Таким образом, на протяжении 50 лет шла революция в международных отношениях, и она обещала большие последствия для мировой, а также европейской истории. Германия пришла на смену Франции в качестве главной сухопутной державы в Европе точно так же, как Франция пришла на смену Испании в XVII веке. Этому факту предстояло омрачать международные отношения в Европе до тех пор, пока их определяли силы, происходившие изнутри этого континента. Он совсем слабо определялся революционными мерами политики в узком и строгом смысле этого слова. Вменяемые революционеры XIX века не смогли достичь чего-то сопоставимого со свершениями Кавура, Бисмарка и половиной заслуг самого Наполеона III. Все это очень странно, учитывая надежды, возлагавшиеся на революции в этот период истории, и страхи, их сопровождавшие. Революции принесли совсем незначительные достижения на периферии Европы и даже вызвали признаки всестороннего ослабления. Вплоть до 1848 года случилась масса революций, не говоря уже о всевозможных заговорах, появлении тайных организаций и прокламаций, не оправдавших своего названия. После 1848 года все эти явления стали большой редкостью. Время очередной польской революции пришло в 1863 году, но она осталась единственным заметным событием своего рода на землях великих держав до 1871 года.
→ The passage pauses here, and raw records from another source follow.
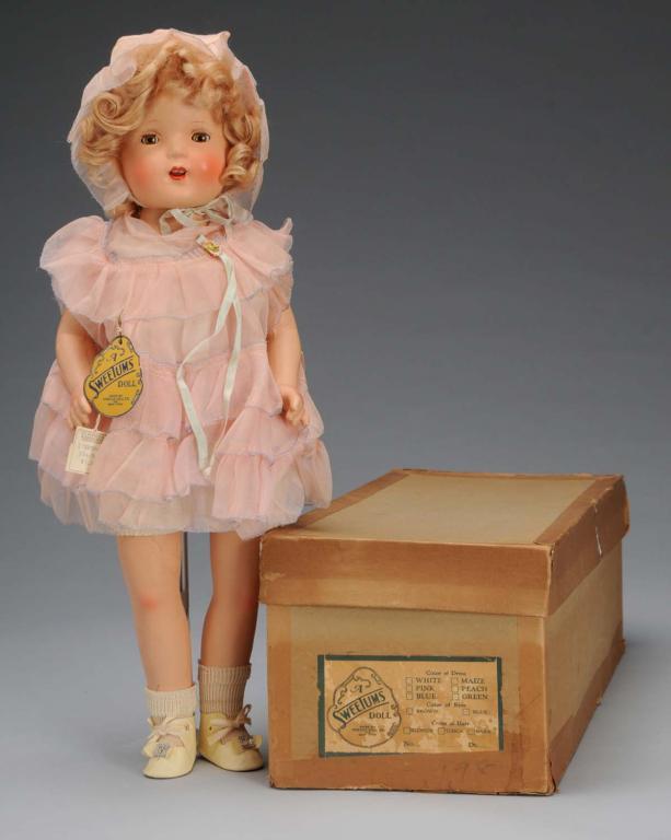 American, circa 1940s. Composition head, shoulder plate, arms and lower legs on cloth body. Beautiful coloring with original blonde mohair wig, lashed brown sleeping eyes, open mouth with two upper teeth, and rosy cheeks. Some lip wear, light crazing, and crack under nose. Wearing original pink taffeta dress with matching hat, undergarments, shoes and socks. Includes original Sweetums label, J.C. Penney price tag and original box. Condition (Very Good). Size 18" T.
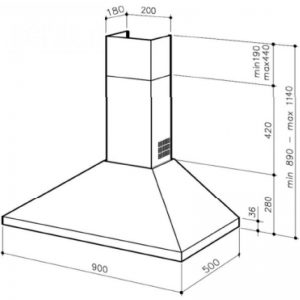 - Kích thước máy hút mùi Hafele 900R x 500S x 890-1140C mm
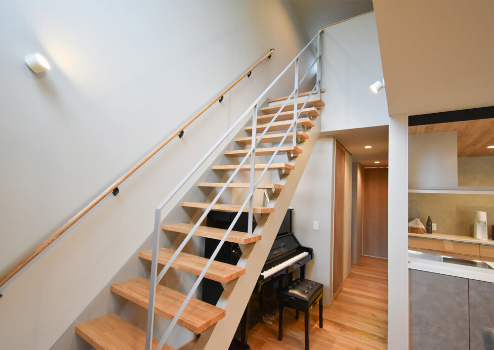 アイアン手すりがおしゃれな階段横のスペースには、ピアノを置けるゆとりを確保。吹き抜けになっているため、ピアノの優しい音色や家族の会話が2階まで心地よく届きます。縦の空間を上手に使った、家族のつながりを感じられる設計です。
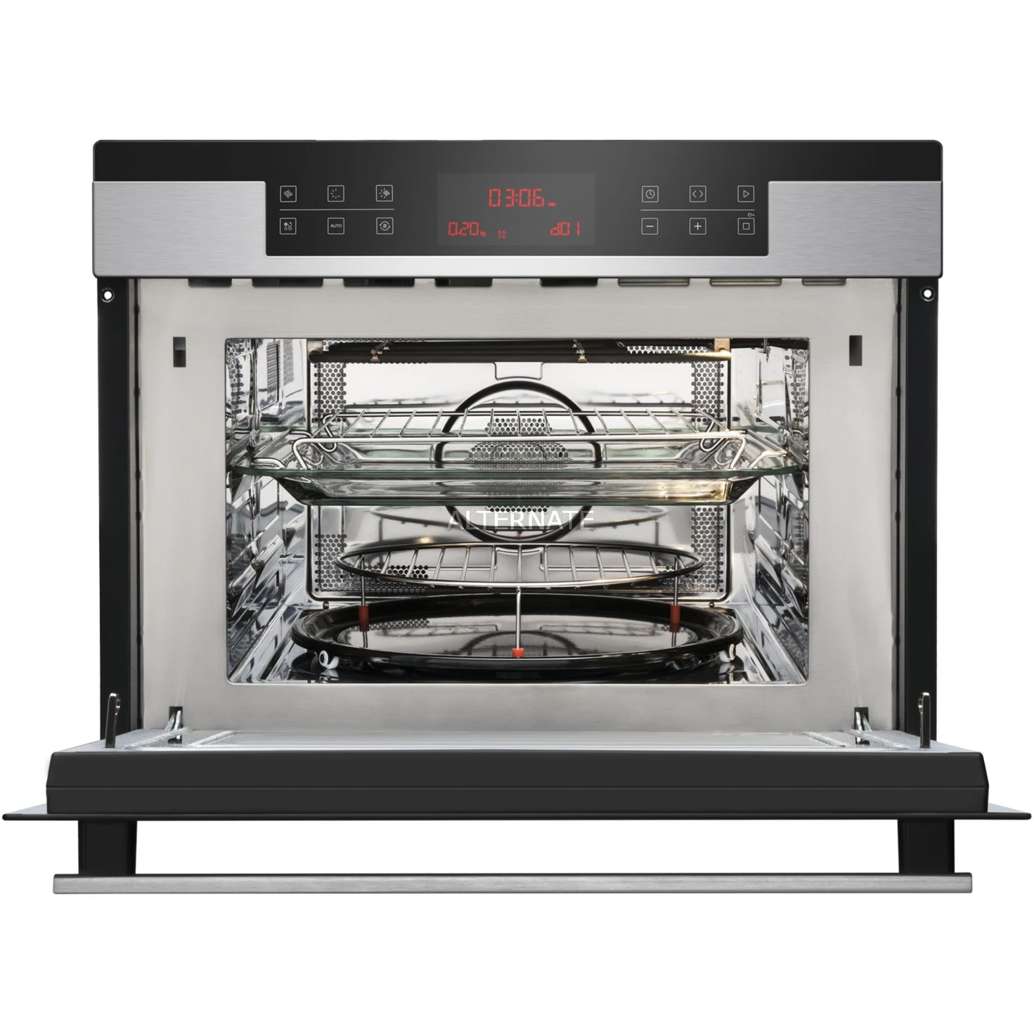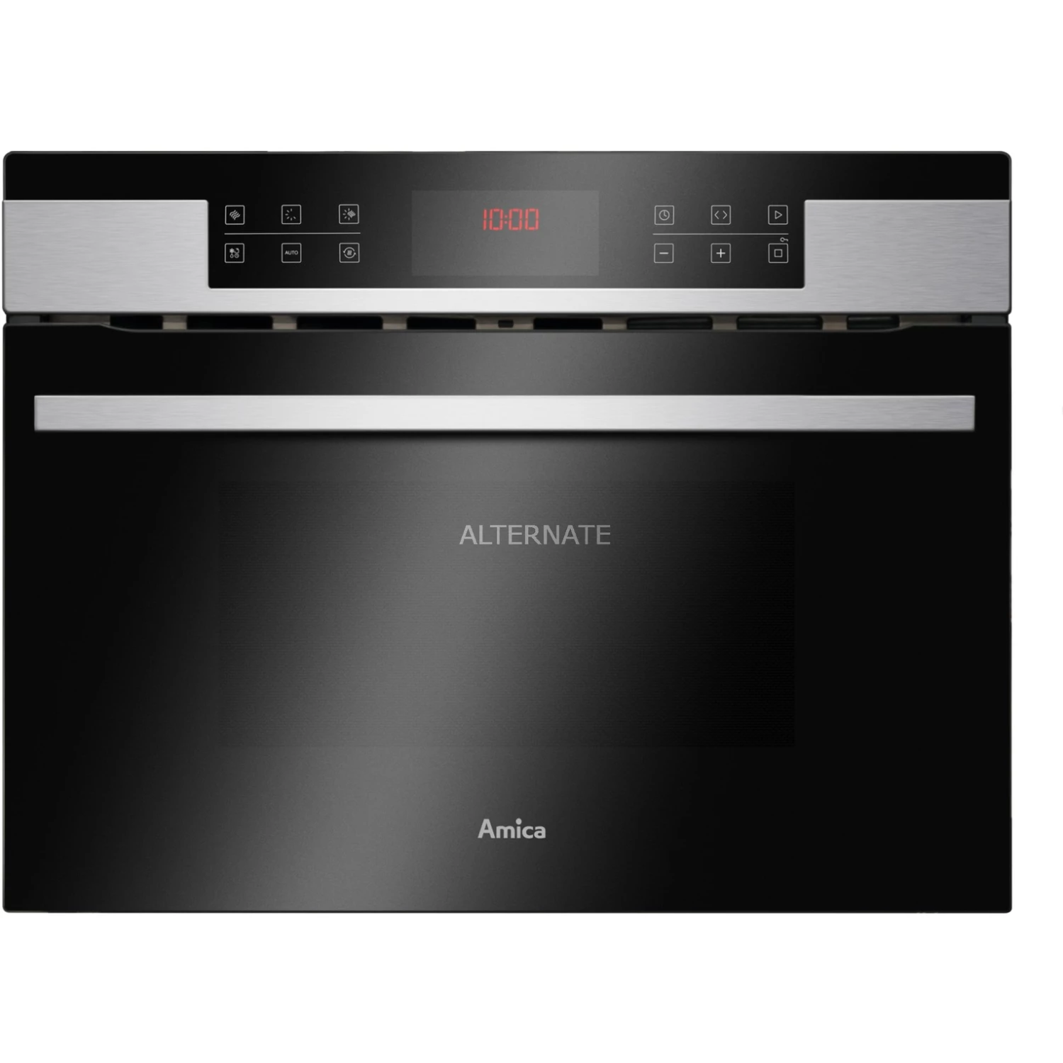 Mit dem Amica Kompakt-Einbaubackofen EBC 841 600 E mit Mikrowellenfunktion in Edelstahl im X-type Design können Nahrungsmittel schnell und einfach erwärmt oder knusprig überbacken werden. Der EBC 841 600 E bietet ein Garraumvolumen von 44 Litern, vier Backofenfunktionen und 13 Automatik Back-/ Bratprogramme. Daneben können die Backofenfunktionen mit der Mikrowellenfunktion kombiniert werden. Dank der CoolDoor3 Leichtreinigungstür und dem Edelstahl Innenraum ist die Reinigung für den Anwender besonders einfach. Der EBC 841 600 E verfügt über einen digitalen Sensor Timer sowie eine Kindersicherung. Zudem hat der EBC 841 600 E einen emaillierten Drehteller mit 360 mm Durchmesser.
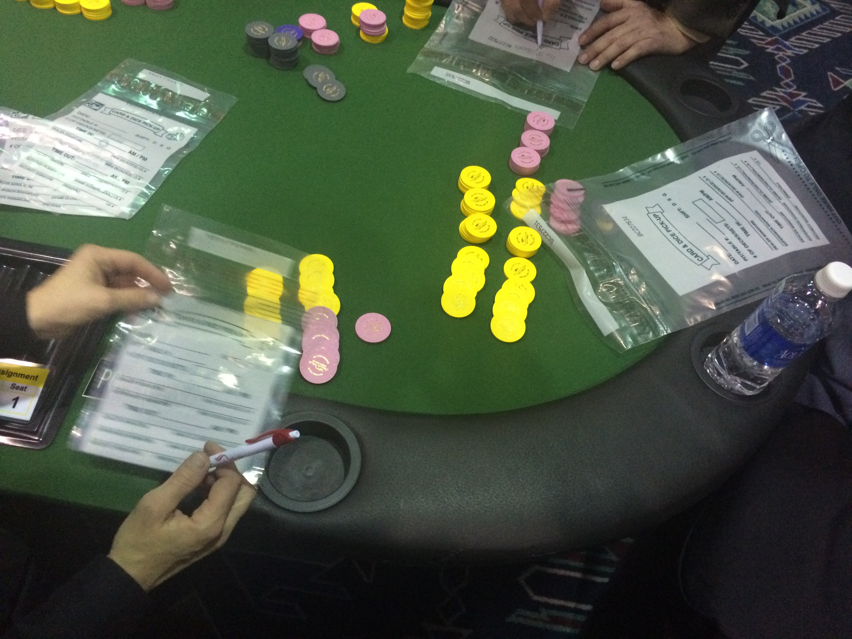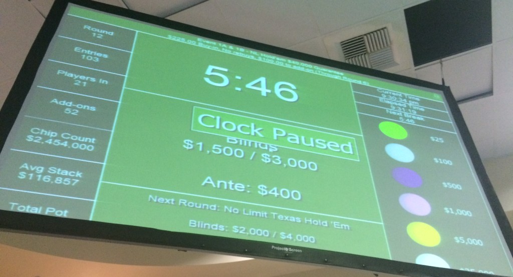 We’d finished Day 1A with about six minutes to go in Level 12, with a scheduled break and race-off of the 100 chips before starting Level 13 at 2K/4K with 500 antes. The button started in seat 8, and I was in seat 3, so I was grateful that the first four hands zipped through before the end of the level, because I was able to get through the blinds before they increased. I shoved my SB against seat 4, who had barely more than I did, so I was actually up a few chips by the color-up. Since we’d just started, we moved into the next level after the chips were raced off.

Убывание революционного порыва к тому времени выглядит делом вполне объяснимым. Революционеры явно не смогли много добиться за пределами Франции, зато они принесли большое разочарование и диктатуру. Некоторых своих целей революционеры достигали иными способами. Кавур и его последователи в конце концов создали единую Италию к большому огорчению Мадзини, так как этого не мог одобрить ни один революционер, и Бисмарк исполнил то, на что надеялись многие немецкие либералы 1848 года, превратив свою Германию в бесспорно великую державу. Остальные цели достигались через экономический прогресс; при всех ужасах нищеты, предусмотренной этим прогрессом, Европа XIX века богатела и отдавала своим народам все большую долю собственного богатства. Здесь свою позитивную роль сыграли весьма скоротечные факторы. За 1848 годом последовало открытие великих золотых приисков Калифорнии, откуда выплеснулся поток слитков для стимулирования мировой экономики в 1850-х и 1860-х годах; в те десятилетия укрепилась уверенность в завтрашнем дне, а безработица резко сократилась, что положительно отразилось на укреплении общественного спокойствия.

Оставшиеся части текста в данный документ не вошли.